The idea that we will spend the first week on processes and exploration, rather than on checking off the first few curricular outcomes is frightening to some teachers.  Several have asked me what types of problems they should give students during that first week.  Below are three of my favorites.  They have loose curricular fit, but all allow for rich discussion, debate, exploration and invite multiple methods of solution.  The idea is to throw these out to students before any teaching has happened, and allow them to use any method they can to solve them.  Feel free to give me feedback, and share your own favorite problems.

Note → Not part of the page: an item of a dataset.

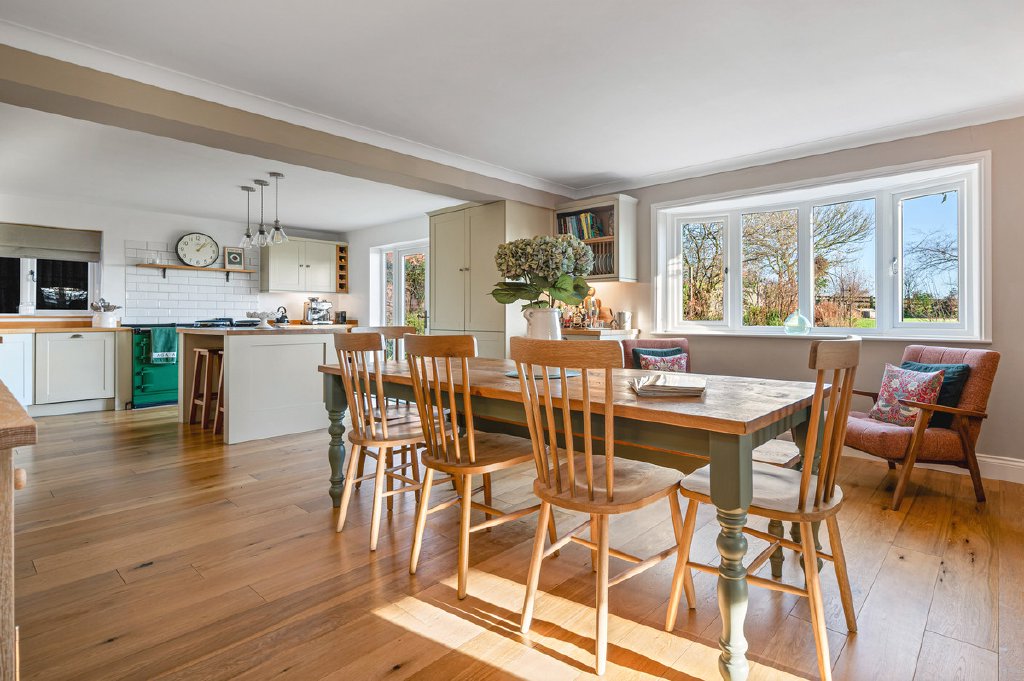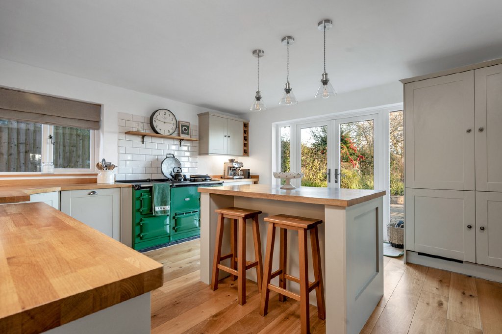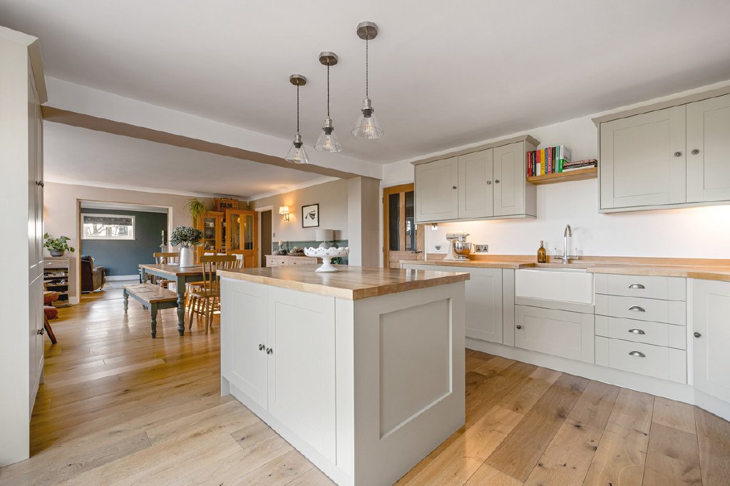 The property is entered through an entrance porch into a large, central hallway with open staircase. Double doors from the hall open into a large sitting room with log burner and Frech doors to rear. The kitchen which is garden facing is particularly impressive. Extremely spacious the kitchen which French doors to the rear garde includes a generous dining area. Newly fitted in a traditional style, Burford Grey coloured cabinets under Oak worksurfaces wrap around a central island/breakfast bar. In addition to a range of integrated appliances is a four oven mains gas fired Aga in English Racing Green.

Problem 1 Fred’s aunt is twice as old as Fred was when she was as old as Fred is now.  How old is Fred and how old is his aunt?

Problem 2 Three businessmen check into a hotel (in the olden days, when hotels were cheaper).  The desk clerk charged them \$30, so they each paid \$10.  Later on, the desk clerk realized he had made a mistake, and the room charge should only have been \$25.  The desk clerk sent a bellboy up to the room with \$5 change.  Unsure how to divide the \$5 evenly among the three men, the bellboy gave each man \$1 back, and kept \$2 for himself.  Now each man has paid \$9, for a total of \$27.  The bellboy has \$2 which brings the total money up to \$29.  But the men originally paid \$30.  Where is the missing dollar?

Problem 3 – The Jail Cell Problem In a prison, there are 100 cells numbered 1 to 100.  On day 1, a guard turns the key in all 100, unlocking them.  On day 2, the guard turns the key in all the even-numbered cells, thereby locking them.  On day 3, the guard turns the key in all the cells numbered with multiples of 3, thereby altering their state.  For example, if the cell was unlocked, he locks it.  If it was locked, he unlocks it.  On day 4, he turns the key in all the cells that are numbered with multiples of 4, thereby changing their state.  He continues this process for 100 days, at which time all the prisoners in unlocked cells are set free.  Which prisoners are set free?